Brasil se prepara para um ano forte nas exportações de algodão em 2026
Brasil dispõe de capacidade portuária suficiente para sustentar volumes

Na primeira reunião bimestral de 2026, realizada na última semana, a Associação Nacional dos Exportadores de algodão (Anea) consolidou os números finais de 2025 e divulgou as primeiras projeções para 2026. No ano-calendário de 2025 (janeiro a dezembro), as exportações brasileiras de algodão totalizaram 3,027 milhões de toneladas (1,495 milhão no primeiro semestre e 1,532 milhão no segundo), com consumo doméstico estimado em 730 mil toneladas. Para 2026, a expectativa é de que as exportações alcancem 1,575 milhão de toneladas de pluma no primeiro semestre e 1,650 milhão no segundo.

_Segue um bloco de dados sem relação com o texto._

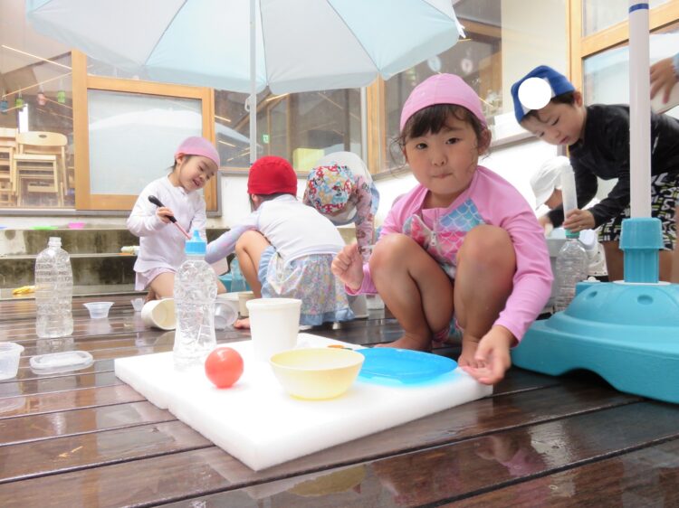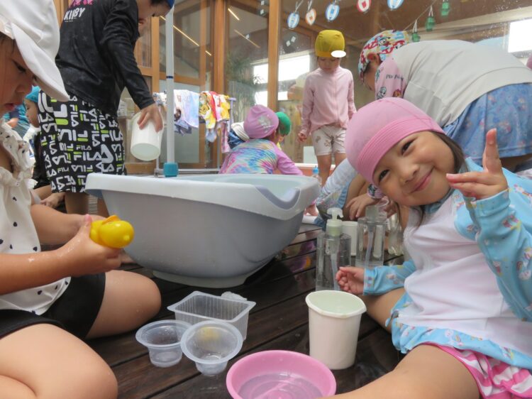 中庭では水遊びをして涼を味わう子どもたちがいました✨

Segundo a Anea, o Brasil dispõe de capacidade portuária suficiente para sustentar esses volumes, especialmente a partir de julho, período em que, por ser safra do Hemisfério Sul, o país se torna mais competitivo. A entidade também destaca que o país reúne condições logísticas para ampliar os embarques no segundo semestre, apesar de gargalos pontuais, como desafios operacionais no Porto de Santos.
DESEMPRENHO DA SAFRA
Em relação à produção, a Anea conclui que a safra 2024/2025 fechou em 4,26 milhões de toneladas, o maior volume da história recente, em linha com os números divulgados pela Associação Brasileira dos Produtores de Algodão (Abrapa).

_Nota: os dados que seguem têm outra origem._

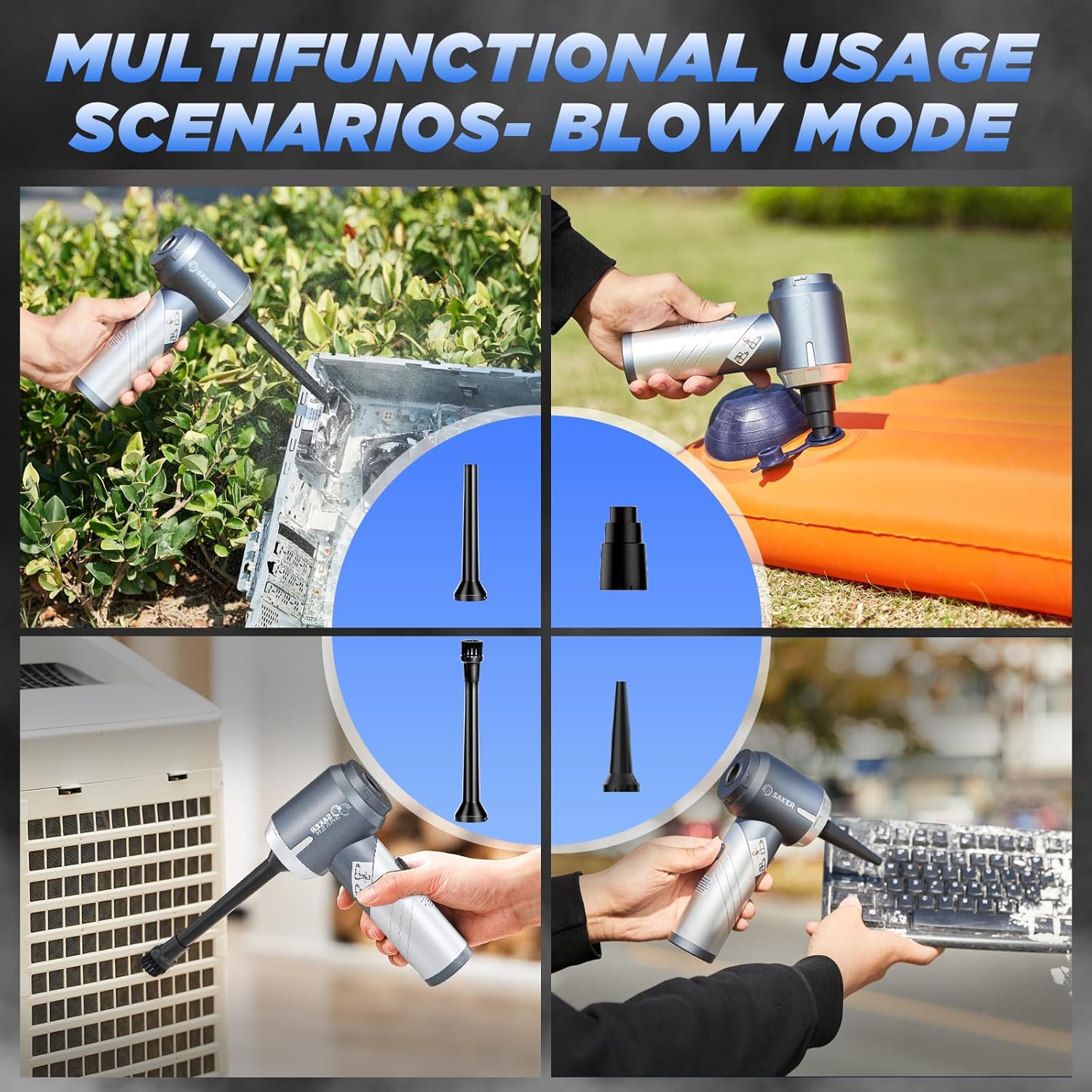 - ă3-In-1 Multifunctional DesignăSaker mini vacuum cleaner is equipped with multiple accessories and can be used for various scenarios such as inflation, soot blowing, dust removal,let us enjoying the convenience of a multifunctional device. You can use this handheld vacuum cordless to clean difficult cleaning crevices such as cabinet corners, drawers, computer keyboards, and mainframes, as well as inflate lifebuoys or air mattresses.

Para a safra recém-plantada 2025/2026, a associação projeta produção de 3,873 milhões de toneladas, uma redução aproximada de 9% frente ao ciclo recorde anterior. A queda é influenciada por um ambiente de preços mais baixos, menor margem para o produtor, pelo estágio final do plantio e por preocupações climáticas específicas, especialmente o excesso de chuvas no Mato Grosso neste momento.
ESTOQUE DE PASSAGEM
O estoque de passagem — volume disponível ao final do ano-calendário após deduzidas as exportações, o consumo interno e outras saídas — totalizou 2,899 milhões de toneladas em dezembro de 2025, cerca de 21% acima do registrado no ano anterior. Para dezembro de 2026, a projeção é de redução para 2,817 milhões de toneladas.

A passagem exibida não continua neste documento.